家猫の箱入り娘は、いつもは、そこだけ紙の貼られていない障子の一番下端の四角い窓から、道行く人を退屈そうに見ている。
「猫の春じゃな」
「猫の春?」
それは、猫の恋の方がしっくりくると思ったが、口にはせずに、しゃがんで白猫に手を出した。
野良猫に手を出すのは、かみつかれたり、ひっかかれたり、猫パンチをお見舞いされたりするが、この猫は人馴れしているから大丈夫だろうと思ってのことだ。
「春に呼ばれて家を抜け出して来たんじゃろ。
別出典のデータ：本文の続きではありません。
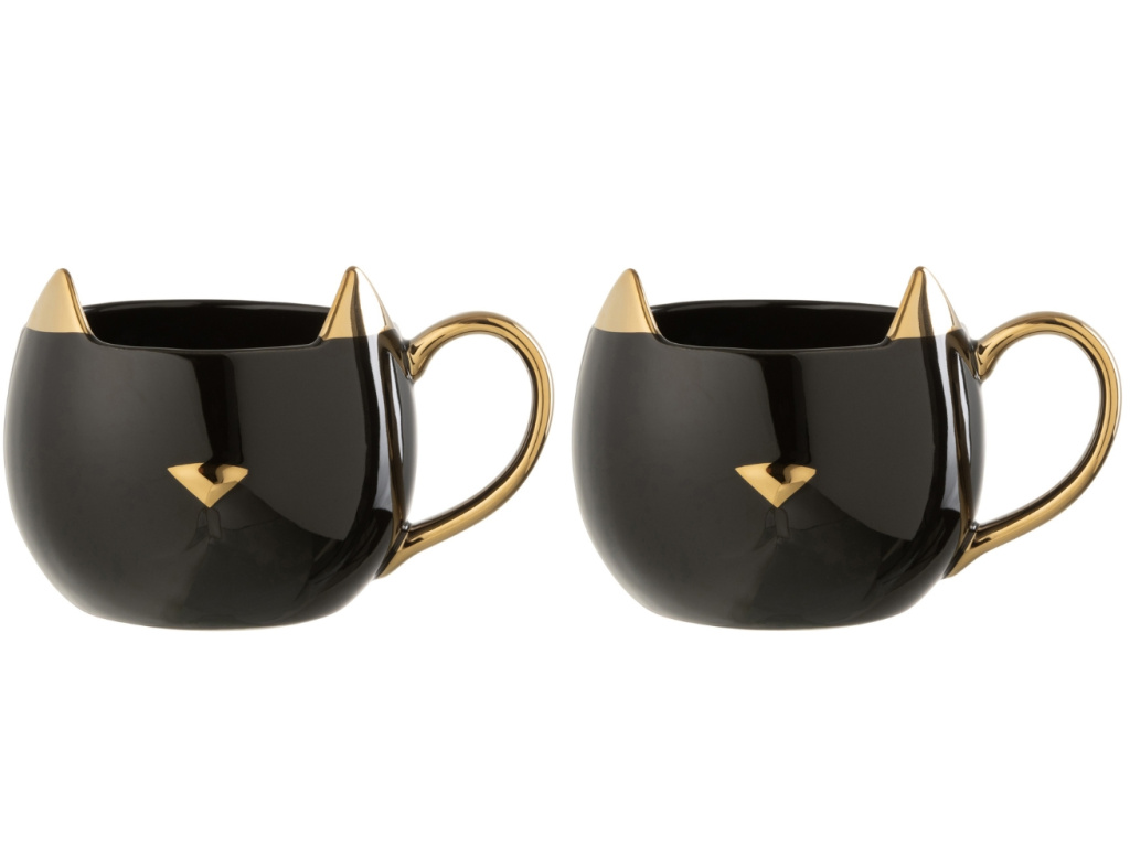 Co takhle rozšířit váš čajový servis o dva neodolatelné hrnečky s motivem koček J-line Kitty? Hrnečky jsou ozdobeny drobnými oušky a čumáčkem a zaujmou svým lesklým černým zbarvením. To je vkusně doplněno zlatými detaily. Hrnečky samozřejmě nemusíte používat jen na čaj, chutnat vám z nich bude káva, horká čokoláda i osvěžující studené nápoje.

人間に飼われてなついていても、所詮はけだものじゃからな。本能には逆らえんのじゃ」
父も、そして母も、動物を家の中に入れることを嫌った。
子どもらが、仔猫や仔犬をどんなにかわいがっても、自分たちは必要以上に触れようとしなかった。
人間と動物の間に、厳然とした越えられない敷居があると思っているようだった。
白猫は、ひとしきりごろごろと喉を鳴らしながら触らせてくれてから、遠くによその猫の姿を見つけて走り去ってしまった。
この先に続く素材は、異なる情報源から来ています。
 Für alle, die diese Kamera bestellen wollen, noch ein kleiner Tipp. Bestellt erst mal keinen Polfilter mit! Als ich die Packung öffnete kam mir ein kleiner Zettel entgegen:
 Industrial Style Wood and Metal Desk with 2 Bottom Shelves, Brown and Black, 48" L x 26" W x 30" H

「そういえば、穴馬では、家畜や家禽の他に、ペットとかいたの」
「ペットは、おらんさ。いや、おったな」
「どっち?」
「よそにはおった。うちにはおらんかったな」
「犬?猫?」
「おるうちには、どっちもおったよ」
「よくわからないんだけど」
思案顔でたずねると、父は話してくれた。
「犬は、番犬じゃ 放し飼い。
猫は、ねずみ捕りじゃ。
たくさんおってな、わらわら歩いとった。
そんでもって、ほうっとくもんだから、ますます勝手に増えとったな」
「増えてたって、対策は講じてなかったの?」
「今みたいな犬猫の医者なんぞおらんかった」
「そっか、そうだよね」
「猫は、一匹、有名なのがおってな」
「有名な猫?」
「その猫は、ころころっと大きくて、真っ黒な猫じゃった」
「ころころしてる黒猫だったら、きっと、毛艶のいい猫だったんじゃない」
「有名などろぼう猫で、村のもんは、何かしらその猫に悪さされとった」
父は咳払いをして、こう告げた。
「どんな悪さしたの」
「わしんとこはな、飼ってたあひるをやられた」
「食べちゃったの?」
「食べはせん。アヒルの首んとこ、噛んだ痕があってな、もうだしかんようになってた」
「猫はどうしたの」
「納屋のすみっこにおった。えらい興奮しとって、総毛だって、唸って、動けんようになってた」
「つかまえたの?」
「雪おろしに使うもんでな、こう、がーん、と、打ち据えてやった」
「わ、ひどい」
「ひどいことないんじゃ。みんな、悪さされとったからな。いい気味じゃ、と思うとったわ」
「それで、どうなったの、それから」
「打ちどころが悪かったかして、動かんようになってしもうとった」
と、父は、さらっと口にした。
「化けてでそうな、いかいやつじゃった。そんだもんだから、一緒におったもんは気味悪がって、弔ってやらんと、ってことになってな」
「弔う?死んでしまったの?」
「わしらで、なまんだって唱えて、川へ流した」
「……」
「流したら、すぐに目が覚めて、もがいて、もがいて、反対側の岸に、流れ着いたんじゃ」
「よかった」
「その後は、見んようになった。どうしたんじゃろかと、飼い主は探しとったな。似たようなのがたくさんおったでな、すぐに忘れとった」
「そうなんだ」
「動物を愛玩するっちゅう考えはなかったな。人間の生活をおびやかすようなもんは成敗する、それが、山の村の決まりだったんじゃ」
風が、ひゅっと吹き過ぎた。
猫の声が、風に乗って、遠くから聞こえてきた。
「花散らしじゃな、この木にいるのは」
梅の古木がせり出しているところに来たら、かしましい鳴声とともに花びらが降ってきた。
場所とりをして、スズメたちとせめぎ合っているのは、シジュウカラだ。
くちばしで、花をちぎって捨てては蜜を吸い、またちぎっては蜜を吸っている。
シジュウカラは、食事のマナーはあまりいいとはいえない。
けれども、風に舞う花びらは、風情がある。
花を散らしても、許される。
穴馬の三月は、まだ雪景色。
四月の声を聞くようになって、ようやく雪が溶けだす。